- Task brief -
Could you repeat the records below exactly, leaving out any pictures?

───── Supplied material

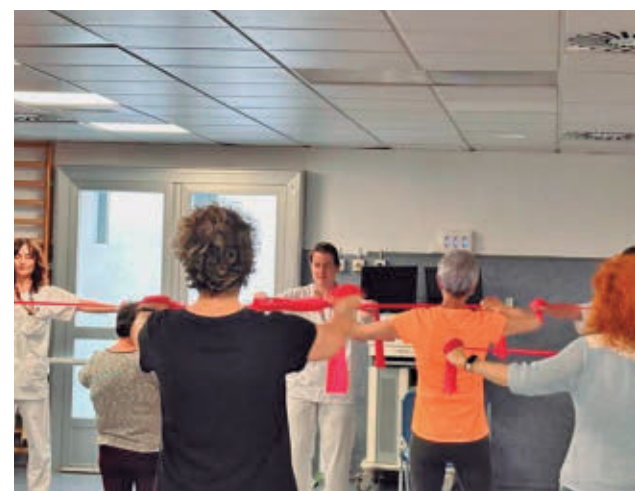
50 actividades gratuitas con una treintena de entidades
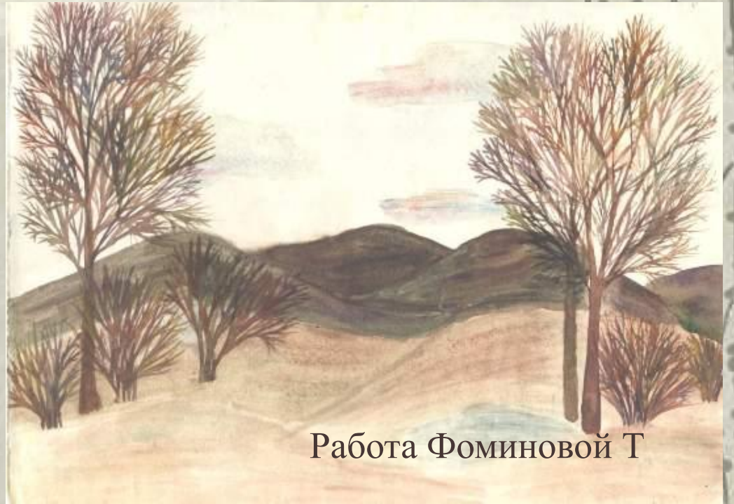
Работа Фоминовой Т
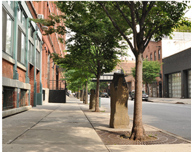
Görsel 4. Joseph Beuys, 7000 Oaks, 1982-1987.

Sanatçıdan etkilenen ve onun bu projesinin devamı niteliğinde işler üreten sanatçılar mevcuttur. Bu anlamda sanatçılar için doğa ve çevre ekolojik bağlamlarda ele alınmıştır diyebiliriz. Çünkü önceki dönemlerin sanatçıların doğa ilişkisindeki ekolojik duyarlılık, artan boyutta devam etmektedir. Bu şekliyle sanatın geleneksel eğilimleri yerinden oynatılarak ezberler günden güne hayalleri aşacak boyutta yıkılmaktadır. Ve hayaller gerçeklerle değişerek dünyayı iyileştirmeye, doğa ve insan arasındaki hiyerarşi yıkılarak insanlığın doğayla olan ilişkisini yapılandırmaya çalışan üretimler sanat dünyasında daha fazla boy göstermeye başlamıştır. Sanat sadece insan hayatıyla bütünleşmeyerek dünyanın ve doğanın hayatına iyimser anlamda daha fazla haşır neşir olmaya başlamıştır. Bu anlamda ekolojik sanat alanında üretim gerçekleştiren sanatçılar topluma ilham ve umut vermektedir. Yeryüzü Sanatı, Arazi sanatı, Çevresel Sanat gibi yaklaşımlardan bu özelliği ile ayrılan Ekolojik Sanat yaklaşımı, sanat ve doğa ilişkisinde sanatın iyileştirme gücünü doğa üzerinde etkili hale getirmektedir.
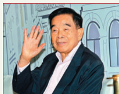
華人第四富：鄭裕彤
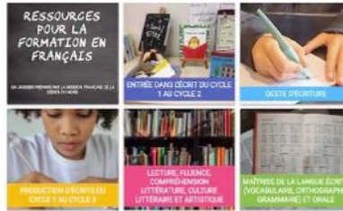
Ressources pour la formation
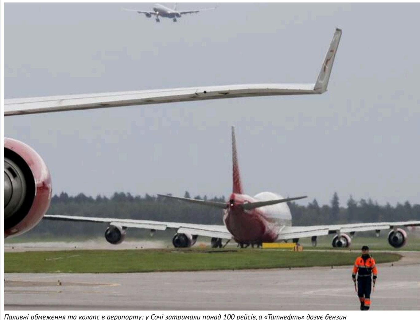
Паливні обмеження та колапс в аеропорту: у Сочі затримали понад 100 рейсів, а «Татнефть» дозує бензин

Російська «Татнефть» скасувала раніше запроваджені обмеження на продаж бензину АІ-92 та дизельного пального на своїх автозаправках.
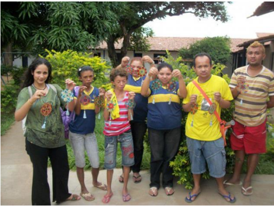
Figura 12 Oficina produção de mandalas com material reciclado (CD's) com alunos da APAE-Crato
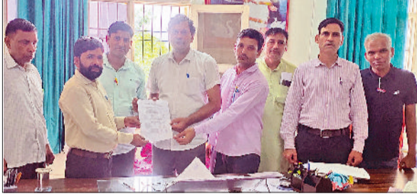
खंड शिक्षा अधिकारी को ज्ञान सौंपते शिक्षकगण।
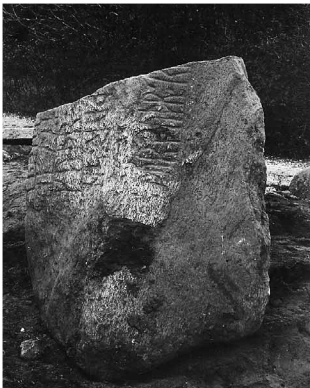
Runestenen i Hurup

Dette stykke er aldrig blevet fundet - og kan
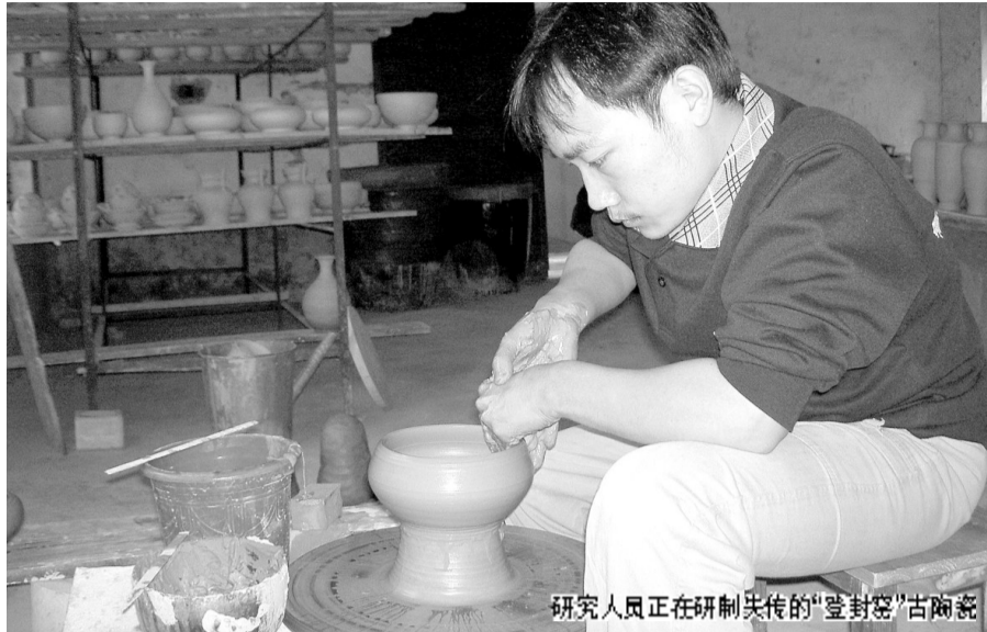
研究人员正在研制失传的“登封窑”古陶瓷
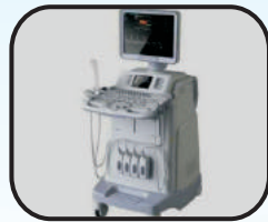
Colour Doppler Sonography
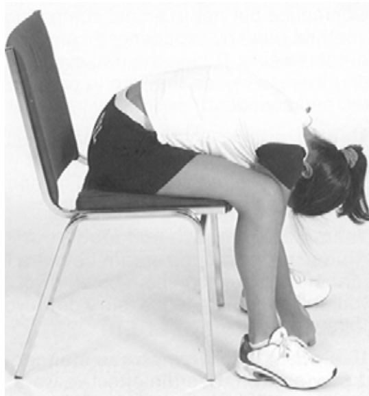
Figure A-1 Poupée en chiffon

Nota. Tiré de Fitness for Life: Updated Fifth Edition (p. 300), par C. Corbin et R. Lindsey, 2007, Windsor, Ontario, Human Kinetics. Droit d'auteur 2007 par The Cooper Institute.
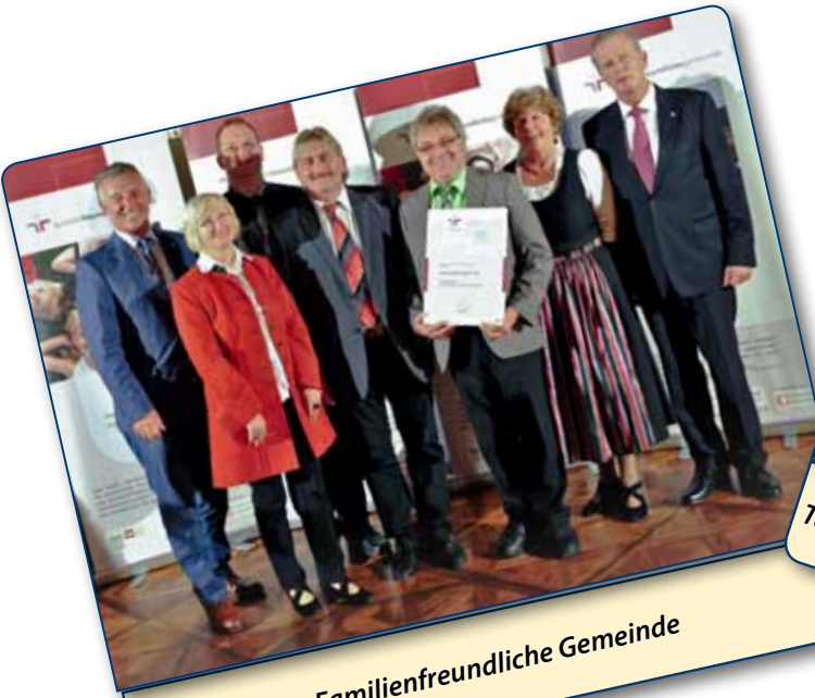
Auszeichnung Familienfreundliche Gemeinde
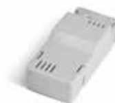
BAT K3 Placa de carga para bateria BAT M016
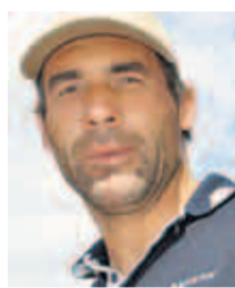
Abenteurer Horn lebt in der Schweiz

Die Yacht hat gerade einen Probeschlag von London bis Southampton hinter sich. Wer die „Pan-
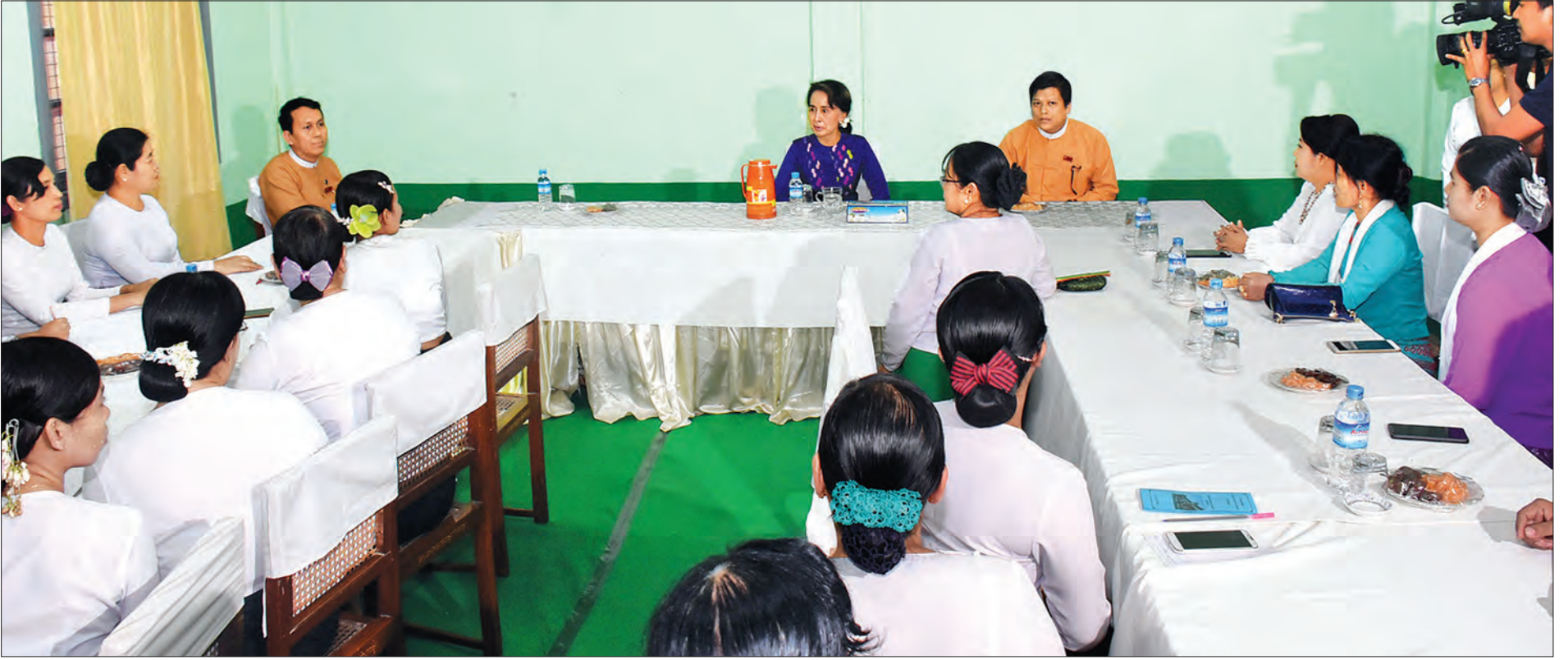
နိုင်ငံတော်၏အတိုင်ပင်ခံပုဂ္ဂိုလ် ဒေါ်အောင်ဆန်းစုကြည် အမှတ်(၁)အခြေခံပညာအထက်တန်းကျောင်း (ပန်းဘဲတန်း) အစည်းအဝေးခန်းမ၌ ကျောင်းအကျိုးတော်ဆောင်များ၊ ဆရာ ဆရာမများအား တွေ့ဆုံမှာကြားစဉ်။ သတင်းစဉ်
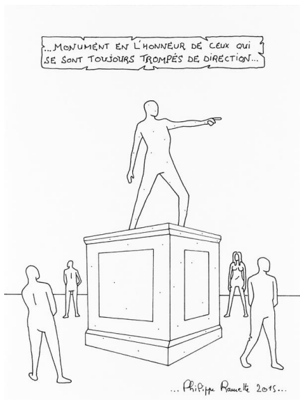
Philippe Ramette ...Monument en l'honneur de ceux qui se sont toujours trompés de direction... , 2015 Encre sur papier : 32 x 24 cm © ADAGP, Paris
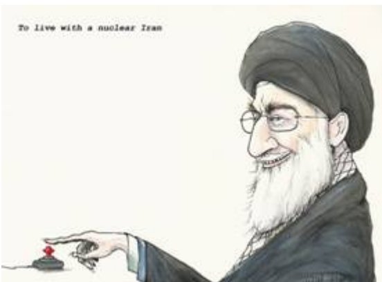
Ayatollah Ali Khamenei met zijn vinger aan de knop

De Iraanse Opperste Leider ayatollah Ali Khamenei legde op 30 januari 2012 een nieuwe doctrine uit waarom het “juridisch en moreel” gerechtvaardigd is om genocide te plegen en Israël van de kaart te vegen. “Israël is een kwaadaardige tumor in het Midden-Oosten”, schreef Khamenei voor de ultraconservatieve Perzischtalige Alef nieuwssite. Hij riep op tot de absolute vernietiging van Israël.
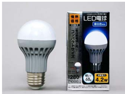
LED電球 40W相当 昼白色
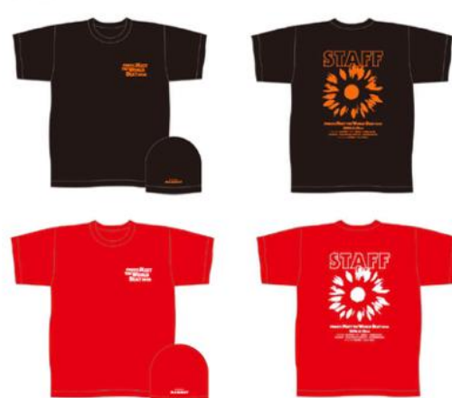
Col: BLACK・RED Size: M・L・XL (3サイズ展開)
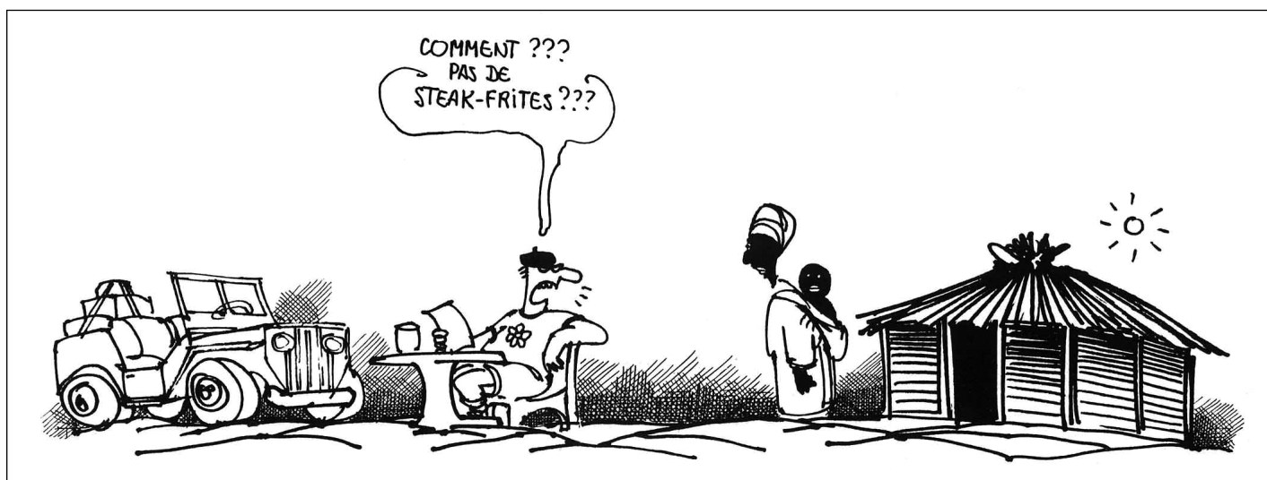
Touristes-rois en Afrique.

C'est d'ailleurs la raison pour laquelle la transparence doit être de rigueur. Car sans une gouvernance transparente, les slogans précurseurs ou flatteurs du solidarisme touristique, si brillants soient-ils, ne pourront aucunement éclairer les zones d'ombre où se réfugie l'intermédiaire spéculateur, voire le gentleman fraudeur, de l'aide internationale, tout comme le voyageur extra libéral qui adopte par pur intérêt des attitudes hypocrites afin de pressurer des causes hu-
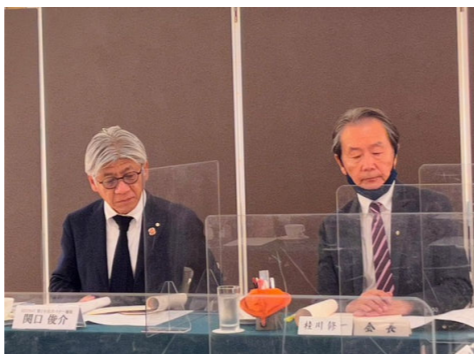
関口ガバナー補佐(左) 桂川会長(右)
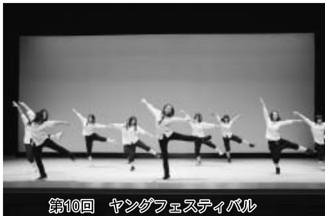
第10回 ヤングフェスティバル
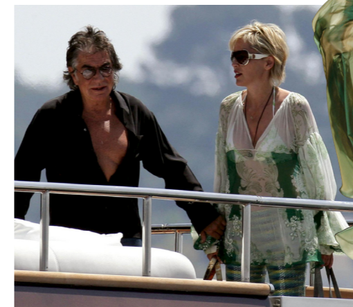
May 23rd, 2007 60e Cannes Film Festival - Sharon Stone og en anden kvinde nyder sig på Roberto Cavallis lystbåd.
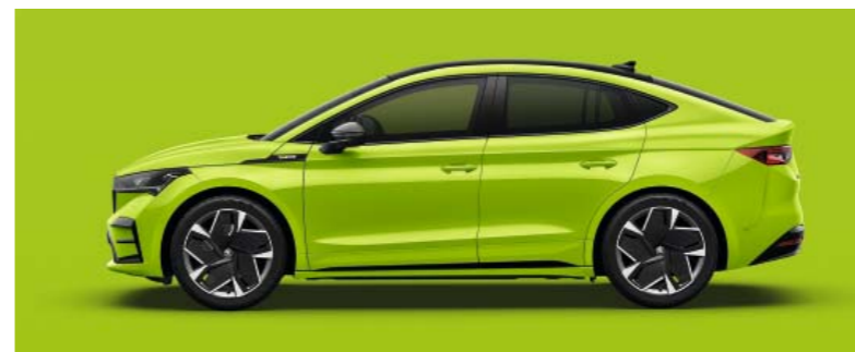
MAMBA GREEN UNI
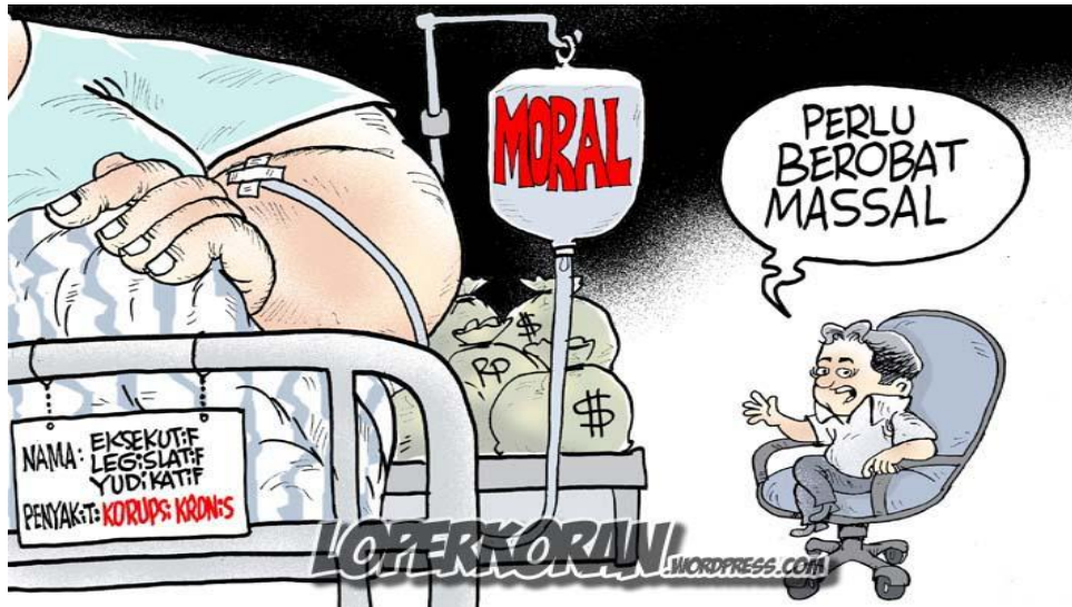
Gambar VI.3: Korupsi merupakan penyakit moral yang kronis yang perlu disembuhkan.
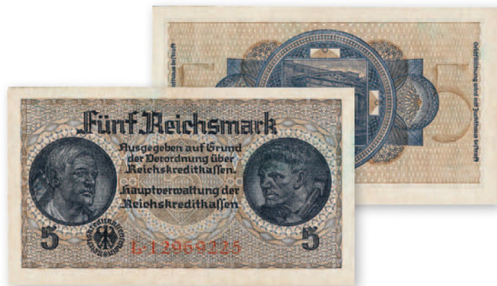
Германия. Билет Имперских кредитных касс. 5 рейхсмарок. 123x70 мм

──────────

- Written response -
50 actividades gratuitas con una treintena de entidades
Работа Фоминовой Т
Görsel 4. Joseph Beuys, 7000 Oaks, 1982-1987.

Sanatçıdan etkilenen ve onun bu projesinin devamı niteliğinde işler üreten sanatçılar mevcuttur. Bu anlamda sanatçılar için doğa ve çevre ekolojik bağlamlarda ele alınmıştır diyebiliriz. Çünkü önceki dönemlerin sanatçıların doğa ilişkisindeki ekolojik duyarlılık, artan boyutta devam etmektedir. Bu şekliyle sanatın geleneksel eğilimleri yerinden oynatılarak ezberler günden güne hayalleri aşacak boyutta yıkılmaktadır. Ve hayaller gerçeklerle değişerek dünyayı iyileştirmeye, doğa ve insan arasındaki hiyerarşi yıkılarak insanlığın doğayla olan ilişkisini yapılandırmaya çalışan üretimler sanat dünyasında daha fazla boy göstermeye başlamıştır. Sanat sadece insan hayatıyla bütünleşmeyerek dünyanın ve doğanın hayatına iyimser anlamda daha fazla haşır neşir olmaya başlamıştır. Bu anlamda ekolojik sanat alanında üretim gerçekleştiren sanatçılar topluma ilham ve umut vermektedir. Yeryüzü Sanatı, Arazi sanatı, Çevresel Sanat gibi yaklaşımlardan bu özelliği ile ayrılan Ekolojik Sanat yaklaşımı, sanat ve doğa ilişkisinde sanatın iyileştirme gücünü doğa üzerinde etkili hale getirmektedir.
華人第四富：鄭裕彤
Ressources pour la formation
Паливні обмеження та колапс в аеропорту: у Сочі затримали понад 100 рейсів, а «Татнефть» дозує бензин

Російська «Татнефть» скасувала раніше запроваджені обмеження на продаж бензину АІ-92 та дизельного пального на своїх автозаправках.
Figura 12 Oficina produção de mandalas com material reciclado (CD's) com alunos da APAE-Crato
खंड शिक्षा अधिकारी को ज्ञान सौंपते शिक्षकगण।
Runestenen i Hurup

Dette stykke er aldrig blevet fundet - og kan
研究人员正在研制失传的“登封窑”古陶瓷
Colour Doppler Sonography
Figure A-1 Poupée en chiffon

Nota. Tiré de Fitness for Life: Updated Fifth Edition (p. 300), par C. Corbin et R. Lindsey, 2007, Windsor, Ontario, Human Kinetics. Droit d'auteur 2007 par The Cooper Institute.
Auszeichnung Familienfreundliche Gemeinde
BAT K3 Placa de carga para bateria BAT M016
Abenteurer Horn lebt in der Schweiz

Die Yacht hat gerade einen Probeschlag von London bis Southampton hinter sich. Wer die „Pan-
နိုင်ငံတော်၏အတိုင်ပင်ခံပုဂ္ဂိုလ် ဒေါ်အောင်ဆန်းစုကြည် အမှတ်(၁)အခြေခံပညာအထက်တန်းကျောင်း (ပန်းဘဲတန်း) အစည်းအဝေးခန်းမ၌ ကျောင်းအကျိုးတော်ဆောင်များ၊ ဆရာ ဆရာမများအား တွေ့ဆုံမှာကြားစဉ်။ သတင်းစဉ်
Philippe Ramette ...Monument en l'honneur de ceux qui se sont toujours trompés de direction... , 2015 Encre sur papier : 32 x 24 cm © ADAGP, Paris
Ayatollah Ali Khamenei met zijn vinger aan de knop

De Iraanse Opperste Leider ayatollah Ali Khamenei legde op 30 januari 2012 een nieuwe doctrine uit waarom het “juridisch en moreel” gerechtvaardigd is om genocide te plegen en Israël van de kaart te vegen. “Israël is een kwaadaardige tumor in het Midden-Oosten”, schreef Khamenei voor de ultraconservatieve Perzischtalige Alef nieuwssite. Hij riep op tot de absolute vernietiging van Israël.
LED電球 40W相当 昼白色
Col: BLACK・RED Size: M・L・XL (3サイズ展開)
Touristes-rois en Afrique.

C'est d'ailleurs la raison pour laquelle la transparence doit être de rigueur. Car sans une gouvernance transparente, les slogans précurseurs ou flatteurs du solidarisme touristique, si brillants soient-ils, ne pourront aucunement éclairer les zones d'ombre où se réfugie l'intermédiaire spéculateur, voire le gentleman fraudeur, de l'aide internationale, tout comme le voyageur extra libéral qui adopte par pur intérêt des attitudes hypocrites afin de pressurer des causes hu-
関口ガバナー補佐(左) 桂川会長(右)
第10回 ヤングフェスティバル
May 23rd, 2007 60e Cannes Film Festival - Sharon Stone og en anden kvinde nyder sig på Roberto Cavallis lystbåd.
MAMBA GREEN UNI
Gambar VI.3: Korupsi merupakan penyakit moral yang kronis yang perlu disembuhkan.
Германия. Билет Имперских кредитных касс. 5 рейхсмарок. 123x70 мм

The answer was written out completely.